On Mon, 27 Jun 2005, Theo Van Dinter spake:
> On Mon, Jun 27, 2005 at 03:54:35PM +0100, Nix wrote:
>> > run with --learn=N -- we're going to want to figure out N
>> > small # for large # of messages, large # for small # of messages?
>>
>> That sounds like an optimization problem to me (find that percentage
>> which yields the greatest accuracy when tested against an entirely
>> unrelated corpus).
>
> Well, it's more about finding an N that simulates real-world behavior. We
> don't want to find the N that gives the best results unless the same N is what
> the average user does.
True. What we really want to do is learn not a random subset of messages but
a random highly-scored subset. That's not the same as auto-learning in the
presence of net tests, but it's closer than picking the messages randomly.
(if this is what is actually implemented, forgive me: I haven't checked).

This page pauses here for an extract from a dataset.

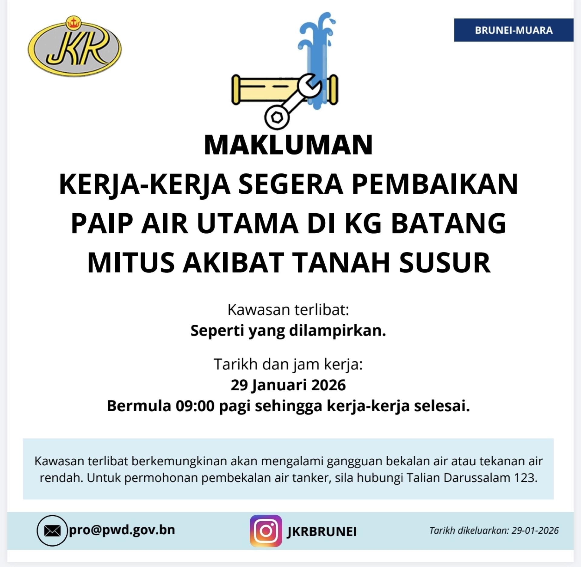 受影响范围涵盖Berakas ‘A’及‘B’区、Gadong ‘A’及‘B’区部分地区,以及Kota Batu、Kilanas、Kianggeh及Pangkalan Batu等区,涉及多个甘榜,包括Lambak、Serusop、Madang、Rimba、Kiulap、Beribi、Subok、Kilanas、Bengkurong、斯市市中心、Limau Manis、Batong及Panchor Murai等。

>> ... ah, I see, and this gives you Bayes-plus-net results, from which you
>> can determine the other results by just filtering certain rules out of
>> the mass-check results. Neat.
>
> Yeah, previous mass-check runs required 3 because we let auto-learn do its
> thing and that required scores to be set, and bayes depended on net rules,
> etc, etc.
Slight theoretical reduction in accuracy; huge reduction in time
spent. Probably a good trade-off, since nobody uses *exactly* the
environment we're training against anyway. (It might actually help
reduce our overfitting problems a bit ;) )
--
`I lost interest in "blade servers" when I found they didn't throw knives
at people who weren't supposed to be in your machine room.'
--- Anthony de Boer